━━ Excerpted records
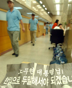 20日,正實施罷工的朝興銀行工會會員們在漢城明洞本店大廳散發了寫有“盧武鉉總統先生!可以出爾反爾嗎?”的傳單。朝興銀行工會表示:“盧總統曾于1月初承諾自救生存,但現在卻推翻了這一承諾。”以此批評了盧武鉉。
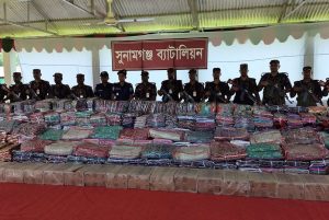 সুনামগঞ্জ সীমান্তে শাড়ি-লেহেঙ্গাসহ সাড়ে ৫ কোটি টাকার ভারতীয় পণ্য জব্দ করেছে বিজিবি। গোপন সংবাদের ভিত্তিতে সদর উপজেলার রঙ্গারচর এলাকায় অভিযান চালায় টাস্কফোর্স। এ সময় একটি পরিত্যক্ত ঘর থেকে বিপুল পরিমান ভারতীয় শাড়ি, লেহেঙ্গা, প্রসাধনীসহ বিভিন্ন পণ্য জব্দ করে বিজিবি।
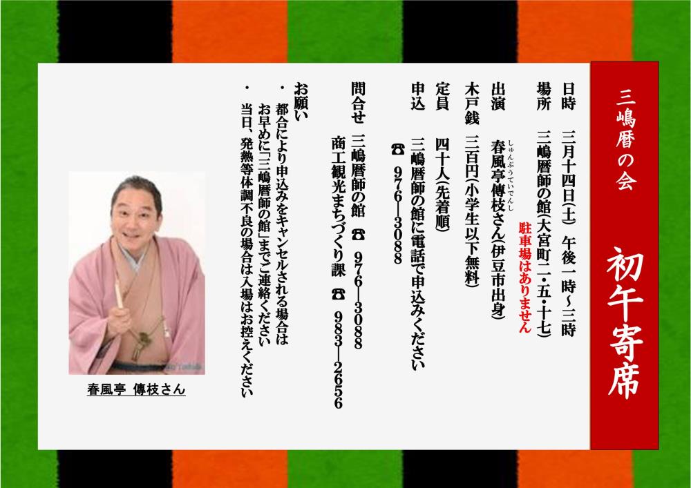 三嶋暦の会の絵日記 > 2026年2月の記事 > 三嶋暦の会 初午寄席(ご案内)
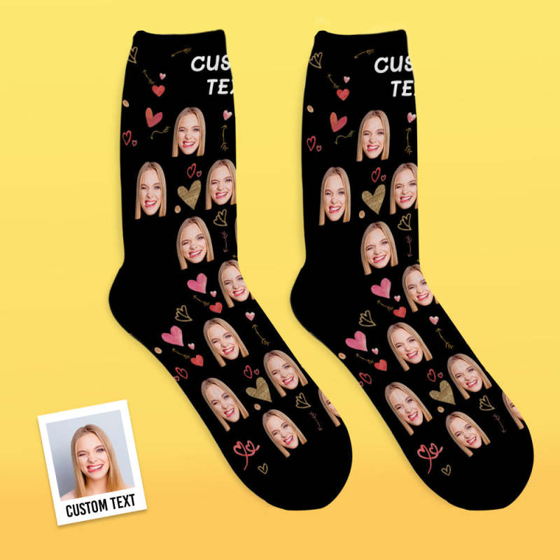 Custom Face Socks Breathable Photo Socks Romantic Heart Pattern
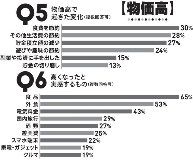 Q5「物価高で起きた変化」を見ると、近年の物価高の生活への影響は人によりさまざまだが、「今のところ問題ない」(グラフには未記載)という人は約3割。多くの人はなんらかの節約や我慢を強いられており、約2割の人が新たに副業や投資、あるいは転職(グラフには未記載)を考えていることがわかった。
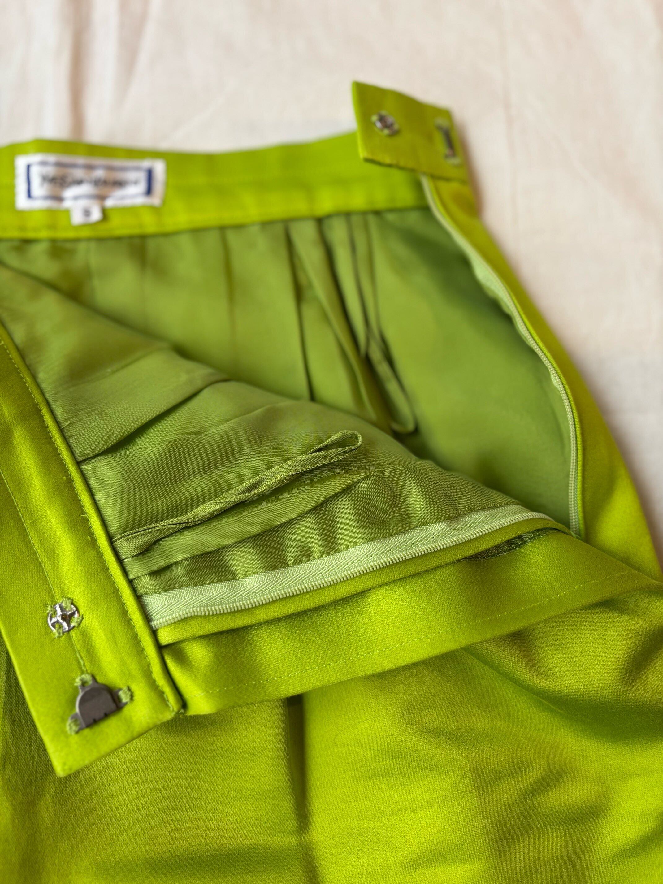 80年代から90年代に日本の企業がライセンス契約をして国産で作っていたイヴ・サンローランのスカートだと思います。所謂バブル時代には海外の様々なブランドが日本の企業とライセンス契約をして商品を販売していました。その頃の日本製のアイテムだと思いますが、さすがはジャパンメイド、とても品質や作りが良く今までも色褪せない素晴らしい作りのスカートです。
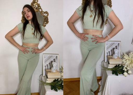 I love to choose any co-ord / suit / two-piece garment accordingly to the season, so for Spring a charming pastel mint green co-ord with long ribbed pants is the one. I also love pastel hues such as baby pink, baby blue and lilac.
━━━━
[Task description]
Copy out exactly the lines above beginning with the line that contains "সুনামগঞ্জ সীমান্তে শাড়ি-লেহেঙ্গাসহ" and finishing with the line that contains "Custom Face Socks", including both; leave the pictures out.

[Task output]
 সুনামগঞ্জ সীমান্তে শাড়ি-লেহেঙ্গাসহ সাড়ে ৫ কোটি টাকার ভারতীয় পণ্য জব্দ করেছে বিজিবি। গোপন সংবাদের ভিত্তিতে সদর উপজেলার রঙ্গারচর এলাকায় অভিযান চালায় টাস্কফোর্স। এ সময় একটি পরিত্যক্ত ঘর থেকে বিপুল পরিমান ভারতীয় শাড়ি, লেহেঙ্গা, প্রসাধনীসহ বিভিন্ন পণ্য জব্দ করে বিজিবি।
 三嶋暦の会の絵日記 > 2026年2月の記事 > 三嶋暦の会 初午寄席(ご案内)
 Custom Face Socks Breathable Photo Socks Romantic Heart Pattern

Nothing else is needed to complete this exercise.